WHAT YOU HAVE TO DO.
Restate word for word all of the lines below, with each image left out.

RECORDED INFORMATION.
● ● ●

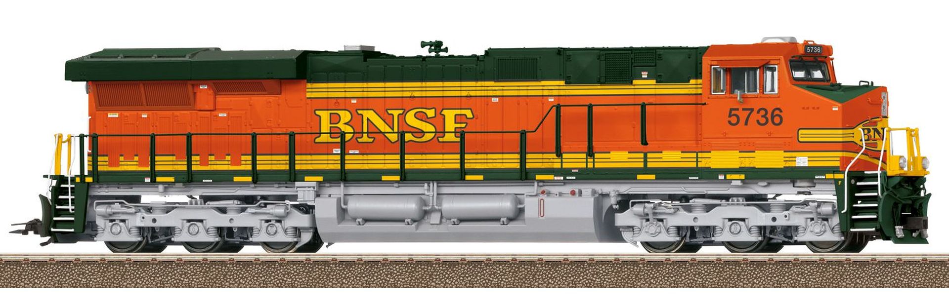 Vorbild: Schwere dieselelektrische Güterzuglokomotive Typ General Electric ES44AC der Burlington Northern Santa Fe, LLC (BNSF). Orange Grundfarbgebung. Betriebsnummer 5736. Aktueller Betriebszustand.
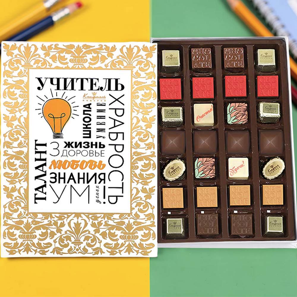 шоколадные массы - какао-масло, какао тертое, сахар, молоко сухое цельное, молоко сухое обезжиренное, лактоза, эмульгатор (лецитин соевый), ароматизатор («Ванилин»); начинки - сахар, патока, какао-масло, какао тертое, молоко сгущенное (молоко цельное, сахар (сахароза, лактоза)), сливки сгущенные с сахаром (сливки нормализованные, сахар (сахароза), лактоза), молоко сухое, рафинированные дезодорированные растительные масла, натуральные концентрированные соки, стабилизатор (мальтодекстрин, гуммиарабик), желирующие агенты (агар, желатин говяжий), коньяк (дистиллят коньячный, вода, сахар, натуральный пищевой краситель «карамельный колер»), спирт этиловый ректификованный, консервант (сорбиновая кислота), регулятор кислотности (лимонная кислота), эмульгаторы (лецитин соевый, Е471), ароматизаторы («Вишня», «Апельсин», «Ваниль», «Черная смородина»,«Клубника», «Карамель», «Кофе», «Кокосовые сливки», «Бейлиз»), натуральный пищевой краситель «Карамельный колер»; декор - пищевые красители (куркумин, Е132, Е171), пищевой краситель (концентрированный сок красной свёклы, масло подсолнечное, эмульгаторы (мальтодекстрин, Е472с), регуляторы кислотности (лимонная кислота, аскорбиновая кислота))
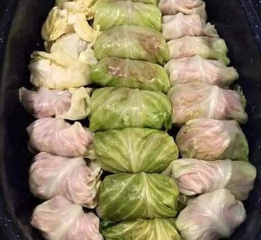 Place about 1/4 cup of the meat mixture in the center of each leaf, roll up and place in the glass. Place the roll on one side in the baking dish.
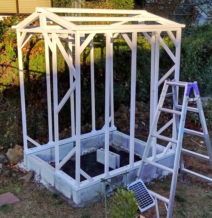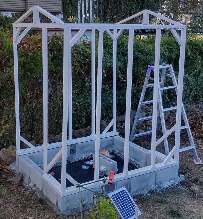前回11/6はブロック基礎の上に白いペンキを塗った木材(赤松)で温室の骨組みを組んでいる途中でした。↓
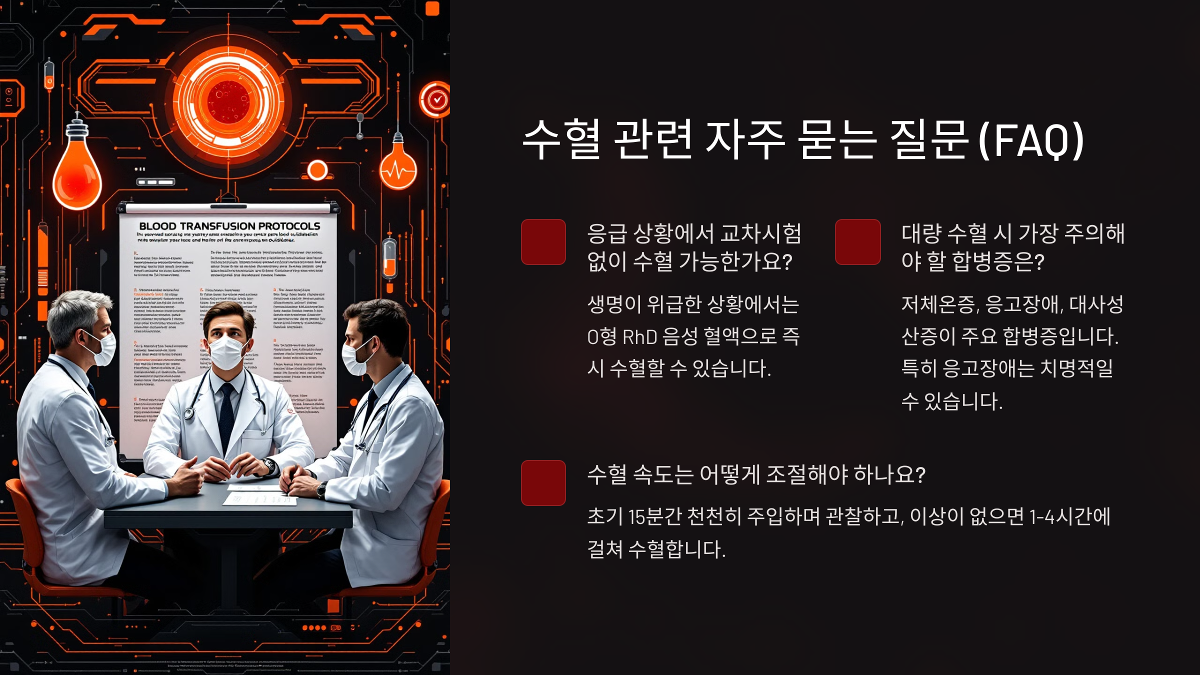 A3. 다량 수혈 시 혈액 응고 장애, 전해질 불균형, 체온 저하 등의 부작용이 발생할 수 있어요. 이를 방지하기 위해 의료진이 철저하게 모니터링하면서 적절한 비율로 혈액을 보충해요.
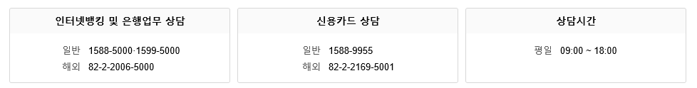 신용카드 상담 해외 전화번호 : 82-2-2169-5001
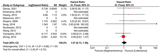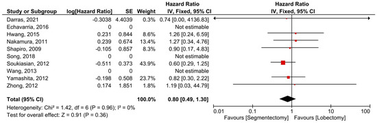Six manuscripts described data on DFS and concerned 1017 patients (391 minimally invasive segmentectomies and 626 lobectomies). There was no heterogeneity between trials (I2 = 0%, p = 0.68). The overall HR for DFS was 1.07 (95% confidence interval: 0.73–1.56). The DFS did not differ substantially between the two groups (p = 0.72, Figure 6). Seven studies presented OS data for 1520 individuals (461 minimally invasive segmentectomies and 1059 lobectomies) included in seven investigations. There was no heterogeneity between trials (I2 = 0%, p = 0.96). The combined HR for OS was 0.80 (95% confidence interval: 0.49 to 1.20). The OS did not differ substantially between the two groups (p = 0.36, Figure 7).
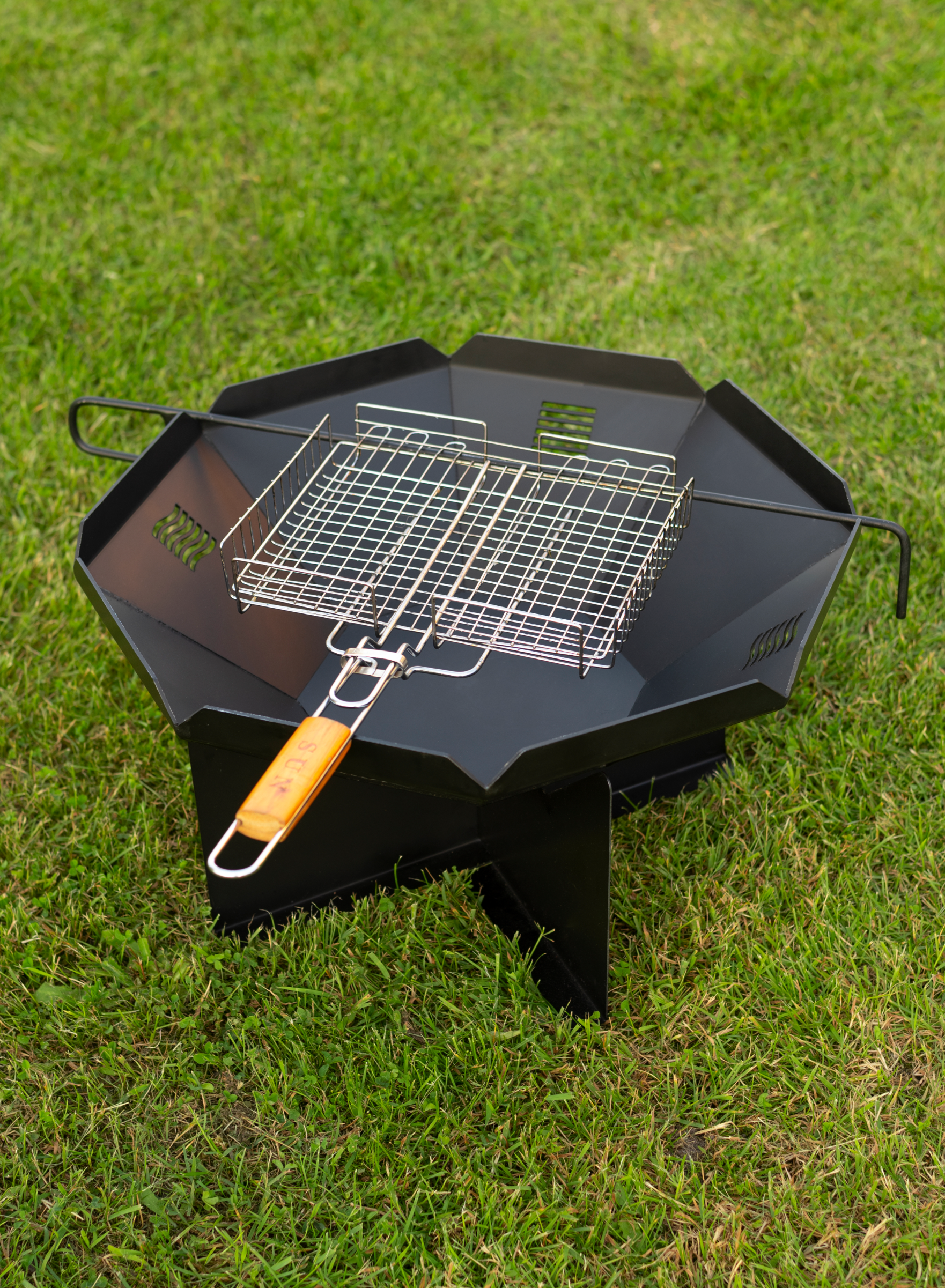 Стационарный очаг можно использовать для приготовления шашлыка на шампурах или с использованием решетки для гриля, поскольку он имеет специальные выемки и подпорку-кочергу для их установки. В центре чаши на дне находится небольшое отверстие в форме желудя для слива воды.
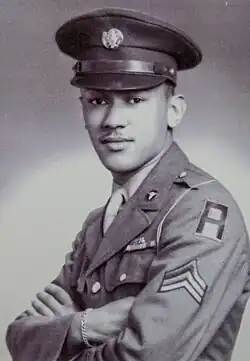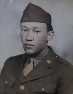 After the entry of the United States into World War II, Woodson – then in his sophomore year – put his studies on hold, enlisting in the United States Army on December 15, 1942, alongside his younger brother Eugene.[5][6] After scoring highly on an aptitude test, he joined the Anti-Aircraft Artillery Officer Candidate School, where he was one of only two African Americans. Before completing the course, Woodson was informed that he would not be able to be billeted in the United States Army Coast Artillery Corps due to his race.[1][6][7] As a result, he was retrained as a combat medic and assigned to the 320th Barrage Balloon Battalion.[8] Woodson underwent training at Camp Tyson, the United States' barrage balloon training center in Paris, Tennessee, where he experienced segregation and discrimination.[9][10][11] By the time of Operation Overlord, he held the rank of corporal.[12][13][14] In advance of Operation Overlord, Woodson was deployed to England.[15]
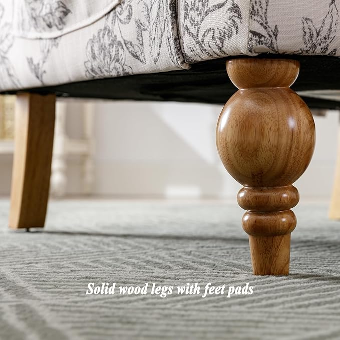 DUOMAY Tufted Accent Chair Set of 2, Modern Linen Upholstered Wingback Side Arm Chair for Living Room Bedroom with Wood Legs, Comfy Reading Guest Chair for Office, Beige Flower Pattern
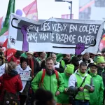 Avrupa Sendikalar Konfederasyonunun çağrısı üzerine çeşitli sendikalara üye çok sayıda kişi Brüksel Adalet Sarayı önünde toplandı.
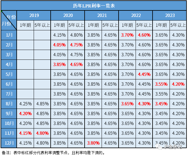 以上就是“2019-2023历年LPR调整一览表”的相关内容。
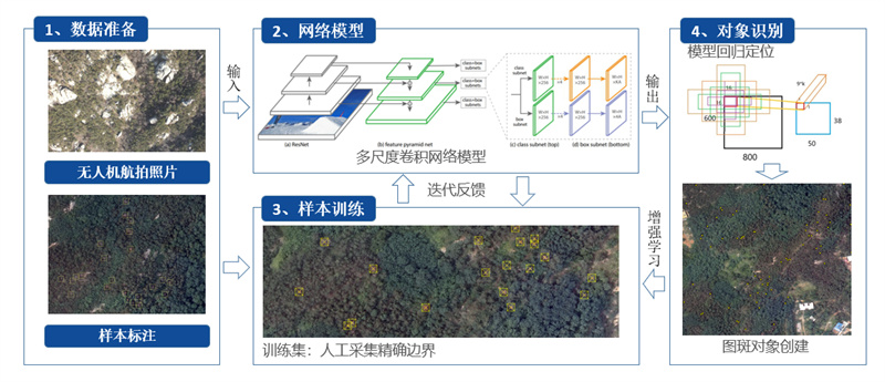 通過(guò)監(jiān)測(cè)普查摸清疫情發(fā)生底數(shù)是科學(xué)制定防治方案的前提條件,但常規(guī)普查監(jiān)測(cè)耗時(shí)長(zhǎng)、難度大、成本高,數(shù)據(jù)實(shí)時(shí)性和準(zhǔn)確性也存在一定局限。為進(jìn)一步提升防治能力,貫徹落實(shí)智慧防治理念,由嶗山區(qū)自然資源局、北京航空航天大學(xué)青島研究院聯(lián)合攻關(guān),通過(guò)融合0.05米高分辨率無(wú)人機(jī)技術(shù)、北斗高精度導(dǎo)航技術(shù)和人工智能技術(shù),對(duì)無(wú)人機(jī)獲取的高精度圖片進(jìn)行智能化分析處理,精準(zhǔn)識(shí)別監(jiān)測(cè)松材線蟲(chóng)病疫情發(fā)生情況,逐步構(gòu)建形成了“精準(zhǔn)監(jiān)測(cè)”“精準(zhǔn)識(shí)別”“精準(zhǔn)評(píng)估”和“精準(zhǔn)監(jiān)管”四位一體的松材線蟲(chóng)病空天地一體化精準(zhǔn)飛巡監(jiān)測(cè)體系,并申報(bào)山東省自然資源科學(xué)技術(shù)獎(jiǎng)。

● ● ●

COMPLETED TASK.
 Vorbild: Schwere dieselelektrische Güterzuglokomotive Typ General Electric ES44AC der Burlington Northern Santa Fe, LLC (BNSF). Orange Grundfarbgebung. Betriebsnummer 5736. Aktueller Betriebszustand.
 шоколадные массы - какао-масло, какао тертое, сахар, молоко сухое цельное, молоко сухое обезжиренное, лактоза, эмульгатор (лецитин соевый), ароматизатор («Ванилин»); начинки - сахар, патока, какао-масло, какао тертое, молоко сгущенное (молоко цельное, сахар (сахароза, лактоза)), сливки сгущенные с сахаром (сливки нормализованные, сахар (сахароза), лактоза), молоко сухое, рафинированные дезодорированные растительные масла, натуральные концентрированные соки, стабилизатор (мальтодекстрин, гуммиарабик), желирующие агенты (агар, желатин говяжий), коньяк (дистиллят коньячный, вода, сахар, натуральный пищевой краситель «карамельный колер»), спирт этиловый ректификованный, консервант (сорбиновая кислота), регулятор кислотности (лимонная кислота), эмульгаторы (лецитин соевый, Е471), ароматизаторы («Вишня», «Апельсин», «Ваниль», «Черная смородина»,«Клубника», «Карамель», «Кофе», «Кокосовые сливки», «Бейлиз»), натуральный пищевой краситель «Карамельный колер»; декор - пищевые красители (куркумин, Е132, Е171), пищевой краситель (концентрированный сок красной свёклы, масло подсолнечное, эмульгаторы (мальтодекстрин, Е472с), регуляторы кислотности (лимонная кислота, аскорбиновая кислота))
 Place about 1/4 cup of the meat mixture in the center of each leaf, roll up and place in the glass. Place the roll on one side in the baking dish.
前回11/6はブロック基礎の上に白いペンキを塗った木材(赤松)で温室の骨組みを組んでいる途中でした。↓
 A3. 다량 수혈 시 혈액 응고 장애, 전해질 불균형, 체온 저하 등의 부작용이 발생할 수 있어요. 이를 방지하기 위해 의료진이 철저하게 모니터링하면서 적절한 비율로 혈액을 보충해요.
 신용카드 상담 해외 전화번호 : 82-2-2169-5001
Six manuscripts described data on DFS and concerned 1017 patients (391 minimally invasive segmentectomies and 626 lobectomies). There was no heterogeneity between trials (I2 = 0%, p = 0.68). The overall HR for DFS was 1.07 (95% confidence interval: 0.73–1.56). The DFS did not differ substantially between the two groups (p = 0.72, Figure 6). Seven studies presented OS data for 1520 individuals (461 minimally invasive segmentectomies and 1059 lobectomies) included in seven investigations. There was no heterogeneity between trials (I2 = 0%, p = 0.96). The combined HR for OS was 0.80 (95% confidence interval: 0.49 to 1.20). The OS did not differ substantially between the two groups (p = 0.36, Figure 7).
 Стационарный очаг можно использовать для приготовления шашлыка на шампурах или с использованием решетки для гриля, поскольку он имеет специальные выемки и подпорку-кочергу для их установки. В центре чаши на дне находится небольшое отверстие в форме желудя для слива воды.
 After the entry of the United States into World War II, Woodson – then in his sophomore year – put his studies on hold, enlisting in the United States Army on December 15, 1942, alongside his younger brother Eugene.[5][6] After scoring highly on an aptitude test, he joined the Anti-Aircraft Artillery Officer Candidate School, where he was one of only two African Americans. Before completing the course, Woodson was informed that he would not be able to be billeted in the United States Army Coast Artillery Corps due to his race.[1][6][7] As a result, he was retrained as a combat medic and assigned to the 320th Barrage Balloon Battalion.[8] Woodson underwent training at Camp Tyson, the United States' barrage balloon training center in Paris, Tennessee, where he experienced segregation and discrimination.[9][10][11] By the time of Operation Overlord, he held the rank of corporal.[12][13][14] In advance of Operation Overlord, Woodson was deployed to England.[15]
 DUOMAY Tufted Accent Chair Set of 2, Modern Linen Upholstered Wingback Side Arm Chair for Living Room Bedroom with Wood Legs, Comfy Reading Guest Chair for Office, Beige Flower Pattern
 Avrupa Sendikalar Konfederasyonunun çağrısı üzerine çeşitli sendikalara üye çok sayıda kişi Brüksel Adalet Sarayı önünde toplandı.
 以上就是“2019-2023历年LPR调整一览表”的相关内容。
 通過(guò)監(jiān)測(cè)普查摸清疫情發(fā)生底數(shù)是科學(xué)制定防治方案的前提條件,但常規(guī)普查監(jiān)測(cè)耗時(shí)長(zhǎng)、難度大、成本高,數(shù)據(jù)實(shí)時(shí)性和準(zhǔn)確性也存在一定局限。為進(jìn)一步提升防治能力,貫徹落實(shí)智慧防治理念,由嶗山區(qū)自然資源局、北京航空航天大學(xué)青島研究院聯(lián)合攻關(guān),通過(guò)融合0.05米高分辨率無(wú)人機(jī)技術(shù)、北斗高精度導(dǎo)航技術(shù)和人工智能技術(shù),對(duì)無(wú)人機(jī)獲取的高精度圖片進(jìn)行智能化分析處理,精準(zhǔn)識(shí)別監(jiān)測(cè)松材線蟲(chóng)病疫情發(fā)生情況,逐步構(gòu)建形成了“精準(zhǔn)監(jiān)測(cè)”“精準(zhǔn)識(shí)別”“精準(zhǔn)評(píng)估”和“精準(zhǔn)監(jiān)管”四位一體的松材線蟲(chóng)病空天地一體化精準(zhǔn)飛巡監(jiān)測(cè)體系,并申報(bào)山東省自然資源科學(xué)技術(shù)獎(jiǎng)。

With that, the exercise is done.